Well part of the question is what force is used to overcome friction if the actual effort is 300 N? But i dont know wut the friction is .

6. Mar 29, 2004

### Staff: Mentor

I presume you know the resistance force? And you can figure out the ideal effort force if the machine were frictionless? Actual effort force minus ideal effort force = force needed to overcome friction.

7. Mar 29, 2004

### Format

k well this is all i have:

Stan raises a 1000-N piano a distance of 5.00 m using a set of pulleys. Stan pulls in 20.0 m if rope.
a) How much effort does stan apply if this was an adeal machine? - Done
b) What force is used to overcome friction if the actual effort is 300 N ?
c) What is the work output?
d) What is the work input?

Ive tried but cant really get it. Book doesnt help, and i dont have anyone to ask. So any help would be appriciated! Thx

8. Mar 29, 2004

### Janitor

Clue on b

He's lifting an object with the help of a 4:1 mechanical advantage. So the force he himself applies would ideally be 1000 divided by 4, right? So when you've done that division, compare the number you get to 300, and that will tell you how much force is going into overcoming real-world friction.

9. Mar 29, 2004

### Format

k figured that out, thx!

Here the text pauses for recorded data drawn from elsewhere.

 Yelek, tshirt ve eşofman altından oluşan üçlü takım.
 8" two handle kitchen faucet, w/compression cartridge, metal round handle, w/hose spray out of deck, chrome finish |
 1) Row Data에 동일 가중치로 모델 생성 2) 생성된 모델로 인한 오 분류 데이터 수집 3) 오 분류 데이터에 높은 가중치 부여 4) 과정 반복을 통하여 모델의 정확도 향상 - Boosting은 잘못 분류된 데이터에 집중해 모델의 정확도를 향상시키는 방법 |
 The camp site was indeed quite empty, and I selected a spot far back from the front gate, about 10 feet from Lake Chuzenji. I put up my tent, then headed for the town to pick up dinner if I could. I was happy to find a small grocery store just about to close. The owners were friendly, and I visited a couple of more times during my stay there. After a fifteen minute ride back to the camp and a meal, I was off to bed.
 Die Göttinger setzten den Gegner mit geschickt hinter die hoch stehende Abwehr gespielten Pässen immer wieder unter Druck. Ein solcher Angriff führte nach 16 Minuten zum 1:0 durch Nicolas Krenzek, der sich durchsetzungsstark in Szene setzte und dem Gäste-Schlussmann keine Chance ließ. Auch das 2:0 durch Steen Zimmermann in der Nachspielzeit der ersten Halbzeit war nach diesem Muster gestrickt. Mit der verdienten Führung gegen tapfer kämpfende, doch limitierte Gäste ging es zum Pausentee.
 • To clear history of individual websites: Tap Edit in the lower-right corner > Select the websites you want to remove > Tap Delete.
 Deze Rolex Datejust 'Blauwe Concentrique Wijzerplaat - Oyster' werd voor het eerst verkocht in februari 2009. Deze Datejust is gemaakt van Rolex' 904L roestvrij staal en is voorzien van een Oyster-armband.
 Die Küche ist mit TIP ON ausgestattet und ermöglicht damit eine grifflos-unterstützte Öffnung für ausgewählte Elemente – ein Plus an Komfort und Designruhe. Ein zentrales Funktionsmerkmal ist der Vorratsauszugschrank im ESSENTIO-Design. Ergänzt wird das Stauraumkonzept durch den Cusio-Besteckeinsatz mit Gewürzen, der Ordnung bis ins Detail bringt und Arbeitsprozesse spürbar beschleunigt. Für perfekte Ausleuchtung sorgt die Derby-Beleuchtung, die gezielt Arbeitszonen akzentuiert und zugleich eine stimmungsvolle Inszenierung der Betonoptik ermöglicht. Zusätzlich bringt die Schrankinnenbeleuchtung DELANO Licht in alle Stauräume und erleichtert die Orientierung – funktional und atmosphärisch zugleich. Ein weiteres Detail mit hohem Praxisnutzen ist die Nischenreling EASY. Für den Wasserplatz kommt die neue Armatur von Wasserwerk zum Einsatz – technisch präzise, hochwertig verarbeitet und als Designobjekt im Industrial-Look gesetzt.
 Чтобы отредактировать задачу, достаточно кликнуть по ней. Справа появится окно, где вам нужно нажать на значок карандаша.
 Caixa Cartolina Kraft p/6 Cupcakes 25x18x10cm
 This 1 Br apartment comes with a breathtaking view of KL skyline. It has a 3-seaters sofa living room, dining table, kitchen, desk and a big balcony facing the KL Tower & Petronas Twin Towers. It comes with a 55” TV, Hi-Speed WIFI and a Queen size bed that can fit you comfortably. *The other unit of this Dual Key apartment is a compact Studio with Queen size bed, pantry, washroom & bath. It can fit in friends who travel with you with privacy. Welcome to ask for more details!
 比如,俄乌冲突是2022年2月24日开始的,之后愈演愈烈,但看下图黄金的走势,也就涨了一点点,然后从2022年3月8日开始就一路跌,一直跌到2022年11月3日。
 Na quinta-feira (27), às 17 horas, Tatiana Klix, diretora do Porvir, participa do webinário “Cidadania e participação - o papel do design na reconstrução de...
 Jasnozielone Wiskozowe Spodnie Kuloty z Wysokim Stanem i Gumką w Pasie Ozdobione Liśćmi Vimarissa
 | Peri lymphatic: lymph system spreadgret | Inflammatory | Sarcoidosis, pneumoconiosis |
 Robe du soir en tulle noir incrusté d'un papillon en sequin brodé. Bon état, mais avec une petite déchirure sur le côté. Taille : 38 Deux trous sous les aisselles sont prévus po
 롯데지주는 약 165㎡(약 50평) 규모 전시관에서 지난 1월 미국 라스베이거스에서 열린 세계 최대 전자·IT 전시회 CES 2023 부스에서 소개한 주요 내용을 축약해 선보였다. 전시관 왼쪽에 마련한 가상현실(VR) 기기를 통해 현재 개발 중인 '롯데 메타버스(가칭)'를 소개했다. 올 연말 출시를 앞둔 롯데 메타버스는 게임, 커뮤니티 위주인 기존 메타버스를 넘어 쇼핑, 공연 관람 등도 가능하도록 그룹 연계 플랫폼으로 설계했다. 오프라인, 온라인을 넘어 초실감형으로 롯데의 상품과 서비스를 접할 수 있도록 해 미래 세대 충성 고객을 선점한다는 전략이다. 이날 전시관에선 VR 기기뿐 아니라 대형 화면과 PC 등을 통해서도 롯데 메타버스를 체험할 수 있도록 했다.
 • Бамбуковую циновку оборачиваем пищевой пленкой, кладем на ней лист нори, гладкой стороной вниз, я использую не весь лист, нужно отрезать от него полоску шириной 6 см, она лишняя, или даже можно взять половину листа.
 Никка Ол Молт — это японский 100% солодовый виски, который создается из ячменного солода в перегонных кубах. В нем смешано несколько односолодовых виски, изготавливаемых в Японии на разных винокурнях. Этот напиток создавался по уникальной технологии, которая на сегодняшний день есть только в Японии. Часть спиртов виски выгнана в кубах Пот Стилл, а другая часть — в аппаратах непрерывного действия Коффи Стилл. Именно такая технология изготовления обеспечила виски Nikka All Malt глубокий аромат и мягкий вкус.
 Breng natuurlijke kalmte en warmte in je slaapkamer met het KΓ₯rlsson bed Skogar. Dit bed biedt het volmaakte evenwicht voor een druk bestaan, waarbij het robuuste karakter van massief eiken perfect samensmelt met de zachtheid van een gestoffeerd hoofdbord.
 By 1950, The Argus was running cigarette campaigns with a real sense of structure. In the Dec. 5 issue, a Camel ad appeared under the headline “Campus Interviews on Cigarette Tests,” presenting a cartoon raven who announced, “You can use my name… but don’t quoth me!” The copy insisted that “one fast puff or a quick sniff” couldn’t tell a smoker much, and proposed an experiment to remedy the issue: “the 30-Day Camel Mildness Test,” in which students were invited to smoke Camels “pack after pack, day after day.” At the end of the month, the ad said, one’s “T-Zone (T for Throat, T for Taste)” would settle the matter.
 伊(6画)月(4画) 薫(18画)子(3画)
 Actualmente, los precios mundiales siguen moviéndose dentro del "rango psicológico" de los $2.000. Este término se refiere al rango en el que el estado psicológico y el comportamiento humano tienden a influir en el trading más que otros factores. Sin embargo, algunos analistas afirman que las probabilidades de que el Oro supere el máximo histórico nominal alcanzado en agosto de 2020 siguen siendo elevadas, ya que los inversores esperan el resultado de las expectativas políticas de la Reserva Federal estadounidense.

Still confused with The work input/output however.

10. Mar 29, 2004

### Janitor

Work output = force applied directly to the object (no friction!) times the height it is lifted

Work input = force the person applies to the rope (friction included!) times the length of rope he pulls

11. Apr 7, 2004

### PhysHey

Regarding the work input, is the force that Stan applies 300 N? And the length of rope he pulls 20 m?
That works out to be the answer when multiplied. (Win= E x De - displacement). That's what I have from my notes. I get the correct answer but I'm not sure on the concept. How do you know it's the 20 m of rope and not the "distance of 5.00 m?.....hmm

12. Apr 8, 2004

### Staff: Mentor

Yes.
The work input is the applied effort force times the displacement over which that force acts, which is 20 m. When the object is displaced by a distance of 5.0 m, that displacement is due to a different force--the output force.